Using the records below, write out only the lines from the line containing "Graficamente, il quadro" up to and including the line containing "11月28日,洪都拉斯警察在", exactly, with no pictures.

**Task data:**

--- START ---

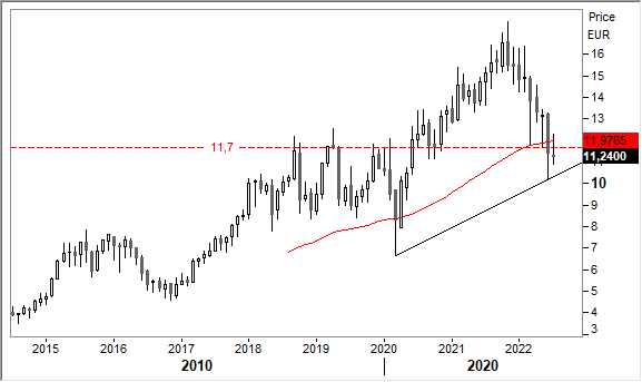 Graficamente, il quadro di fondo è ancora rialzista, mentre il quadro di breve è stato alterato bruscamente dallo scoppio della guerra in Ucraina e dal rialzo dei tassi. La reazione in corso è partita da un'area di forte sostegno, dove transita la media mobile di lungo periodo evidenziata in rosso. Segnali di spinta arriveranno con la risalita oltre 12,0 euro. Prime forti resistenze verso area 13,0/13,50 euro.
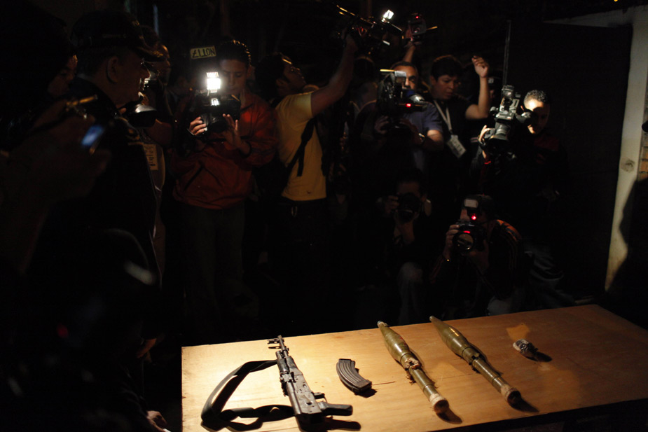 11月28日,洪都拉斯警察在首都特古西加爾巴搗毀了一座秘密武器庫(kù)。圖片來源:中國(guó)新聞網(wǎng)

--- END ---
--- START ---

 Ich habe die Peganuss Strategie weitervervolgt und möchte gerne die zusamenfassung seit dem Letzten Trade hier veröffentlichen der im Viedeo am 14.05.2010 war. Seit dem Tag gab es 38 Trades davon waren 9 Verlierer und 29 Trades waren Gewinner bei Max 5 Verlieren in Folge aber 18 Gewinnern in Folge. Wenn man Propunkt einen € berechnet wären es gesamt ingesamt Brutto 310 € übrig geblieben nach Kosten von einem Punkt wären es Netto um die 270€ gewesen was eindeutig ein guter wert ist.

--- END ---

**Answer to the problem:**
 Graficamente, il quadro di fondo è ancora rialzista, mentre il quadro di breve è stato alterato bruscamente dallo scoppio della guerra in Ucraina e dal rialzo dei tassi. La reazione in corso è partita da un'area di forte sostegno, dove transita la media mobile di lungo periodo evidenziata in rosso. Segnali di spinta arriveranno con la risalita oltre 12,0 euro. Prime forti resistenze verso area 13,0/13,50 euro.
 11月28日,洪都拉斯警察在首都特古西加爾巴搗毀了一座秘密武器庫(kù)。圖片來源:中國(guó)新聞網(wǎng)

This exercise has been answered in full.